INFORMATION PROVIDED
=== Begin Enclosure ===

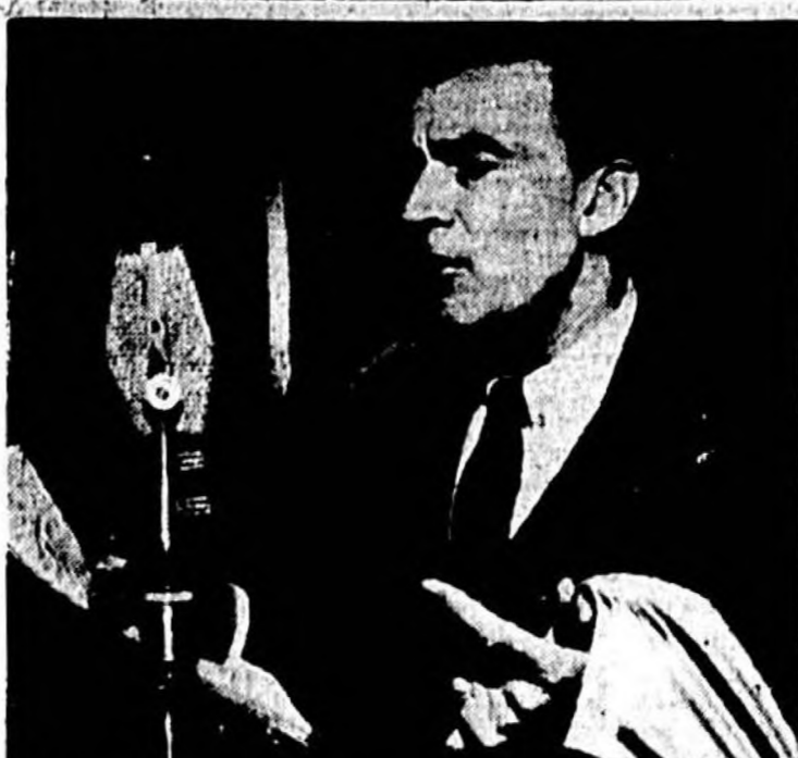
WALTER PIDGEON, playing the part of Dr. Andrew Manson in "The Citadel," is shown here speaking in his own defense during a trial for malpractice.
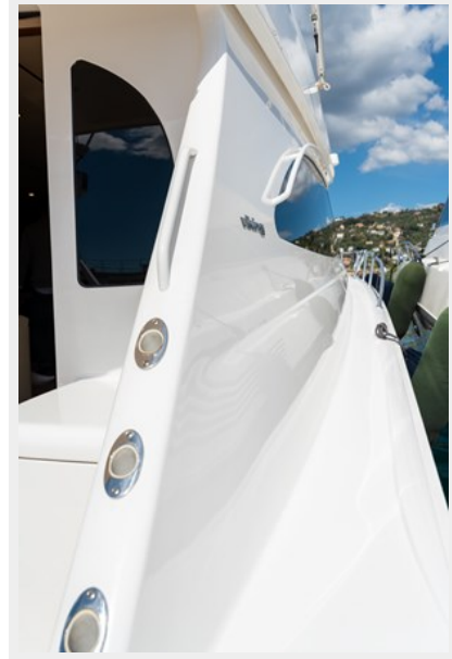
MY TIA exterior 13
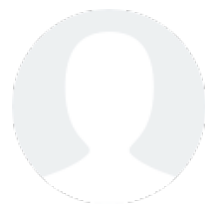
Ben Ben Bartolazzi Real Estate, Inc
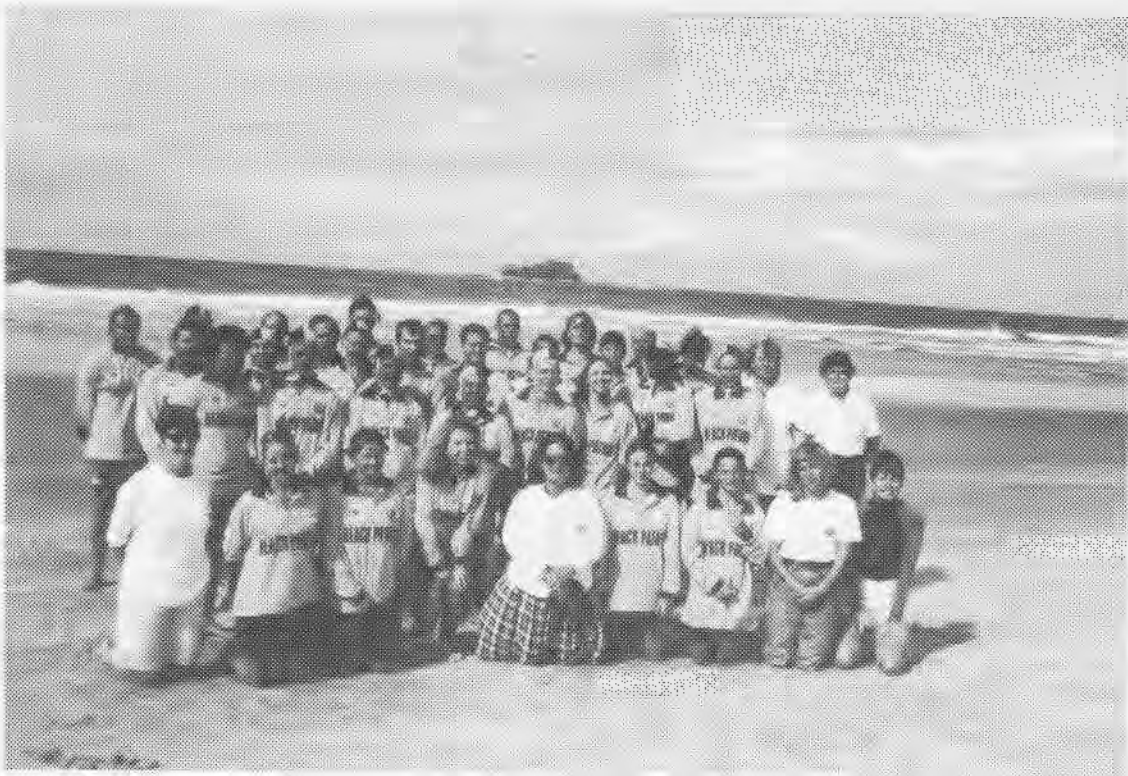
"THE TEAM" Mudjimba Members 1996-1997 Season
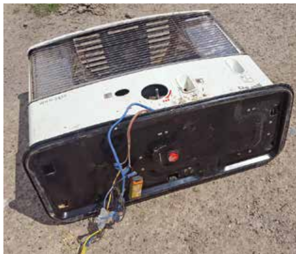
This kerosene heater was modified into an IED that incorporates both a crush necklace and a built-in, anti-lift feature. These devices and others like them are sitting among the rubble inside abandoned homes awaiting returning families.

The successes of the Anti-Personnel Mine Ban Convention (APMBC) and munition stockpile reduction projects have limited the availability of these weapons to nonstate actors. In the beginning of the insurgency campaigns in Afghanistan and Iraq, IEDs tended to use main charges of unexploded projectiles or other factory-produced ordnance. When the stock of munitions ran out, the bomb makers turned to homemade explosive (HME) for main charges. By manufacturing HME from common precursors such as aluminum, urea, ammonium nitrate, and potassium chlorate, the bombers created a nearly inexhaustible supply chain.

=== End Enclosure ===
=== Begin Enclosure ===

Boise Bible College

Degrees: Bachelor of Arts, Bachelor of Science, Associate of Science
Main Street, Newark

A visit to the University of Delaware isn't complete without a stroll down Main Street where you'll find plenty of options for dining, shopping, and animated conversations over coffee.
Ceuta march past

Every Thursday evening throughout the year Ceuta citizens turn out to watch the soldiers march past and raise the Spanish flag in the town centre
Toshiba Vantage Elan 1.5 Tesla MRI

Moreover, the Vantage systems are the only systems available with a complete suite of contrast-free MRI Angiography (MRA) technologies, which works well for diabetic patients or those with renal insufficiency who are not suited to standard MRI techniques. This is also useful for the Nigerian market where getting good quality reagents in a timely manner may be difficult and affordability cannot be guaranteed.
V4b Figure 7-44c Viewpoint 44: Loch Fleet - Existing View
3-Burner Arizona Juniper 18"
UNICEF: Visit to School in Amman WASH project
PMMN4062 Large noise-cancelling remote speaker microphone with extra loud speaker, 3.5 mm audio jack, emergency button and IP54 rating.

=== End Enclosure ===

WHAT YOU NEED TO DO
Look above for the line with "Boise Bible College" and the line with "Main Street, Newark". Write out those two lines and all the lines between them, exactly, and no others.

TASK RESULT
Boise Bible College

Degrees: Bachelor of Arts, Bachelor of Science, Associate of Science
Main Street, Newark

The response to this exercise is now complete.